Data shown section start

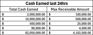 Setting a cap at 5% of highest earned cash for a player’s account in the last 24hrs.
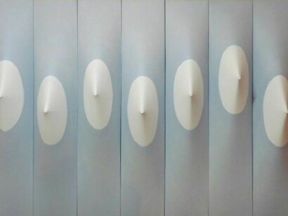 Sánchez’s early work in Cuba developed an approach to formal abstraction through the production of paintings and drawings, alongside the design of furniture and theater sets. Influenced by the Havana based modernist painter Victor Manuel, she became associated with a group of artists and intellectuals known as Sociedad Cultural Nuestro Tiempo. Her scenographic work with a “guerilla” theater group called Los Yesistas (The Plasterers) signaled her involvement with a pre-revolutionary, anti-Batista workers movement. As a result of regular exhibitions in Havana she received work and travel grants enabling her to travel to Europe, before moving to New York in 1964. Living in the city for eight years and studying at Pratt Institute, she began working with elaborated stretcher frames in order to produce shaped canvases, painted in neutral tones and emphasizing a sculptural abstraction of bodily form. Alongside ink drawings of multiplying cellular constellations, her paintings have often taken on a modular character, comprised of two or more abutting parts. This seriality has become a cornerstone of Sánchez’s practice: she continues to rework and add to paintings begun in the 1970s, considering each work to be a part of a larger whole. Alongside the sensual and haptic “queering” of a hard-edged, minimalism, her multi-part works bear relation to the temporal and semiotic sequencing of musical notation.
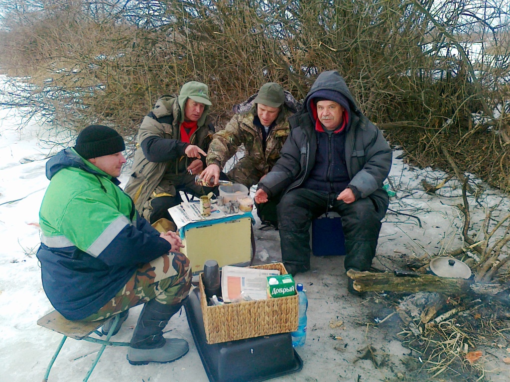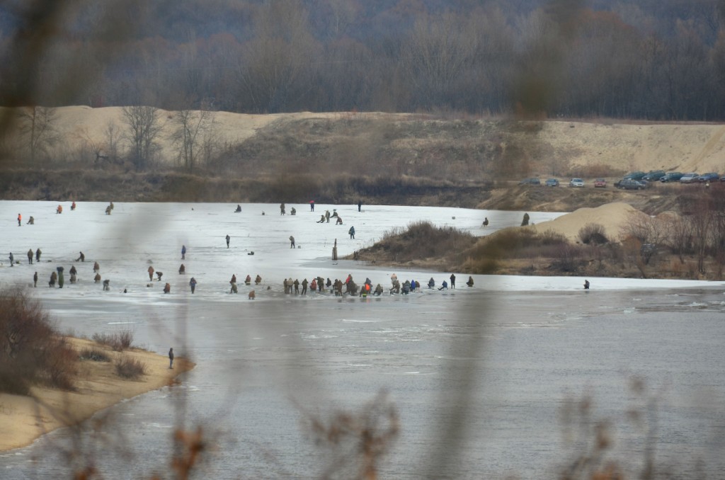 там есть часть стариков-пенсионеров, которые день посидев практически в черте города, поймают десяток плотвиц, разнообразив себе питание. те осторожнее, понимая, что не выплывут. но немало и молодых, уверенных в себе и своем "знании" всего... да и зачастую нетрезвых. не секрет, что рыбалка включает в себя и непременный "перекус на льду". (фото в другом месте, я в красном шарфе)

Data shown section end

The pictures in the data should be omitted, and every remaining line set down exactly.

> Response to the exercise:
 Setting a cap at 5% of highest earned cash for a player’s account in the last 24hrs.
 Sánchez’s early work in Cuba developed an approach to formal abstraction through the production of paintings and drawings, alongside the design of furniture and theater sets. Influenced by the Havana based modernist painter Victor Manuel, she became associated with a group of artists and intellectuals known as Sociedad Cultural Nuestro Tiempo. Her scenographic work with a “guerilla” theater group called Los Yesistas (The Plasterers) signaled her involvement with a pre-revolutionary, anti-Batista workers movement. As a result of regular exhibitions in Havana she received work and travel grants enabling her to travel to Europe, before moving to New York in 1964. Living in the city for eight years and studying at Pratt Institute, she began working with elaborated stretcher frames in order to produce shaped canvases, painted in neutral tones and emphasizing a sculptural abstraction of bodily form. Alongside ink drawings of multiplying cellular constellations, her paintings have often taken on a modular character, comprised of two or more abutting parts. This seriality has become a cornerstone of Sánchez’s practice: she continues to rework and add to paintings begun in the 1970s, considering each work to be a part of a larger whole. Alongside the sensual and haptic “queering” of a hard-edged, minimalism, her multi-part works bear relation to the temporal and semiotic sequencing of musical notation.
 там есть часть стариков-пенсионеров, которые день посидев практически в черте города, поймают десяток плотвиц, разнообразив себе питание. те осторожнее, понимая, что не выплывут. но немало и молодых, уверенных в себе и своем "знании" всего... да и зачастую нетрезвых. не секрет, что рыбалка включает в себя и непременный "перекус на льду". (фото в другом месте, я в красном шарфе)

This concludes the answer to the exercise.